(EXERCISE DESCRIPTION) A verbatim reproduction of the lines below, from the line containing "73915418 Oberstaufen Oberallgaeu" through the line containing "EQVN là đơn", both ends included, is the whole required output.

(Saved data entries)
------------------------------------

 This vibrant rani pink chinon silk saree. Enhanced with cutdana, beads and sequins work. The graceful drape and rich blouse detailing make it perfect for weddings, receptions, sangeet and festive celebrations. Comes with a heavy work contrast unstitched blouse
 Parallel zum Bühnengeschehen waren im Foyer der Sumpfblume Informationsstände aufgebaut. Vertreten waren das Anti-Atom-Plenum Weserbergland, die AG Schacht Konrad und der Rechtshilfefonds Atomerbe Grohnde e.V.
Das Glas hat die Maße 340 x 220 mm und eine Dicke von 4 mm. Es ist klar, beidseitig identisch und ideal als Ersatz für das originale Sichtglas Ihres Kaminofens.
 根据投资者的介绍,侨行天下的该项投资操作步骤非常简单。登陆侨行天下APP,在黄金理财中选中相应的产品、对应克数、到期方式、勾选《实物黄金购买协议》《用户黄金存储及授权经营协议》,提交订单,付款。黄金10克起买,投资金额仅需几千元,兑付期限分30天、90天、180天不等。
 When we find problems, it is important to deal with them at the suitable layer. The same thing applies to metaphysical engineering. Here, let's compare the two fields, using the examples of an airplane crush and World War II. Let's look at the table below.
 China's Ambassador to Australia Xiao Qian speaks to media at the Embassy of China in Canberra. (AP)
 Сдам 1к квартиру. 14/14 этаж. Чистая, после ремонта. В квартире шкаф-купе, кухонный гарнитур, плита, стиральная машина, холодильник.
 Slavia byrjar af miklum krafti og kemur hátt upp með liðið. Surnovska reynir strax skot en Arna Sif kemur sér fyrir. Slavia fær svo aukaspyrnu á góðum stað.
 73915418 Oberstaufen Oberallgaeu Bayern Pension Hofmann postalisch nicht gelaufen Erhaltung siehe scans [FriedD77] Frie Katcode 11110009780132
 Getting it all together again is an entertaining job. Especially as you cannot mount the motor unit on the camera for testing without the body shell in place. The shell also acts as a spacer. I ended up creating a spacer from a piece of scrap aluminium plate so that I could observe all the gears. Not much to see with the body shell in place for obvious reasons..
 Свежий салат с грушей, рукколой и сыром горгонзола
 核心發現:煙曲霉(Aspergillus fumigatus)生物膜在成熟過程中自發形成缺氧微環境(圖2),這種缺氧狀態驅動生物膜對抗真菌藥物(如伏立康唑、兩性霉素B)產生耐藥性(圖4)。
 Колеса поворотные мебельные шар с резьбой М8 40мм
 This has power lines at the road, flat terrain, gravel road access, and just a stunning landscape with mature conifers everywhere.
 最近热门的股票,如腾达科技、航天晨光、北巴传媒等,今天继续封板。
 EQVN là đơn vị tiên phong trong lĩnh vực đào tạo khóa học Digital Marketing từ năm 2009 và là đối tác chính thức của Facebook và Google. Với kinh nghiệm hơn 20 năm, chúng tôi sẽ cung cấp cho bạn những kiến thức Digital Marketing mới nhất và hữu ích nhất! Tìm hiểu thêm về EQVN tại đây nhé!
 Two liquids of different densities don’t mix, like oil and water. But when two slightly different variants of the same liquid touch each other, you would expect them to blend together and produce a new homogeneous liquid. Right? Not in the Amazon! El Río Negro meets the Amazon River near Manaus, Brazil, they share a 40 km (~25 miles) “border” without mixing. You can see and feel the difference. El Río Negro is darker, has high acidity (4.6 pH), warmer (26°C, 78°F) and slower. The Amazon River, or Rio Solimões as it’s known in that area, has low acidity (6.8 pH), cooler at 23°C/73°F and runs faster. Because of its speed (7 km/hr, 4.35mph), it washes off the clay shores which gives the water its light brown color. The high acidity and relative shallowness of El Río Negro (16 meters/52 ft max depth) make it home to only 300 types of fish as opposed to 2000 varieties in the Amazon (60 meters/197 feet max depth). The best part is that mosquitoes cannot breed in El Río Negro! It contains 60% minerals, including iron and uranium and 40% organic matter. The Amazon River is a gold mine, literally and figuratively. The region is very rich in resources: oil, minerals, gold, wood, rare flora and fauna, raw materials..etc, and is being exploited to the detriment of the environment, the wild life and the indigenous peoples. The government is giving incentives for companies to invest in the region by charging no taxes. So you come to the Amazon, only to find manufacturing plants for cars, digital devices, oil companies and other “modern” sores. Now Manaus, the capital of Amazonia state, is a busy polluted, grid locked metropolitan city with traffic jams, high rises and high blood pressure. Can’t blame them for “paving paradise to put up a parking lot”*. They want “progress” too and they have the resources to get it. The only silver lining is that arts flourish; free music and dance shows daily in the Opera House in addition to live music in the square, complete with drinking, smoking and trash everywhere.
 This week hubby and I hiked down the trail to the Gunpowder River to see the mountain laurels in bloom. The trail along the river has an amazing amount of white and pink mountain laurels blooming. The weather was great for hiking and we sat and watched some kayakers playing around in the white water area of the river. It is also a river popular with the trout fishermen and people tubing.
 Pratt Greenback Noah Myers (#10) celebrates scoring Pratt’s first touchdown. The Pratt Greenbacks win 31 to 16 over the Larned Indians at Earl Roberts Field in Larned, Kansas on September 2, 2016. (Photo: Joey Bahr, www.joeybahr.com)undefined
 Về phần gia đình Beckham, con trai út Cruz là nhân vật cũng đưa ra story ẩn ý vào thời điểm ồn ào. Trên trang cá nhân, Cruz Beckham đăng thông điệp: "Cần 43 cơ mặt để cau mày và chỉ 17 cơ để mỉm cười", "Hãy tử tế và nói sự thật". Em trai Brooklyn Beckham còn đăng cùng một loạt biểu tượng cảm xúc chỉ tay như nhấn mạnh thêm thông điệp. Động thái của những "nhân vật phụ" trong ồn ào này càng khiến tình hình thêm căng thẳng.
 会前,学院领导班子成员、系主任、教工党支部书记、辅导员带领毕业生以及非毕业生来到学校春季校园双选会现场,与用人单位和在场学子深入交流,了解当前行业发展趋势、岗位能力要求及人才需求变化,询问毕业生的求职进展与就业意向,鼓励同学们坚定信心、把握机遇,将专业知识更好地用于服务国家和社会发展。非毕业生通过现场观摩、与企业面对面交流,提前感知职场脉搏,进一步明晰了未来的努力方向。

------------------------------------

(ANSWER TO THE PROBLEM)
 73915418 Oberstaufen Oberallgaeu Bayern Pension Hofmann postalisch nicht gelaufen Erhaltung siehe scans [FriedD77] Frie Katcode 11110009780132
 Getting it all together again is an entertaining job. Especially as you cannot mount the motor unit on the camera for testing without the body shell in place. The shell also acts as a spacer. I ended up creating a spacer from a piece of scrap aluminium plate so that I could observe all the gears. Not much to see with the body shell in place for obvious reasons..
 Свежий салат с грушей, рукколой и сыром горгонзола
 核心發現:煙曲霉(Aspergillus fumigatus)生物膜在成熟過程中自發形成缺氧微環境(圖2),這種缺氧狀態驅動生物膜對抗真菌藥物(如伏立康唑、兩性霉素B)產生耐藥性(圖4)。
 Колеса поворотные мебельные шар с резьбой М8 40мм
 This has power lines at the road, flat terrain, gravel road access, and just a stunning landscape with mature conifers everywhere.
 最近热门的股票,如腾达科技、航天晨光、北巴传媒等,今天继续封板。
 EQVN là đơn vị tiên phong trong lĩnh vực đào tạo khóa học Digital Marketing từ năm 2009 và là đối tác chính thức của Facebook và Google. Với kinh nghiệm hơn 20 năm, chúng tôi sẽ cung cấp cho bạn những kiến thức Digital Marketing mới nhất và hữu ích nhất! Tìm hiểu thêm về EQVN tại đây nhé!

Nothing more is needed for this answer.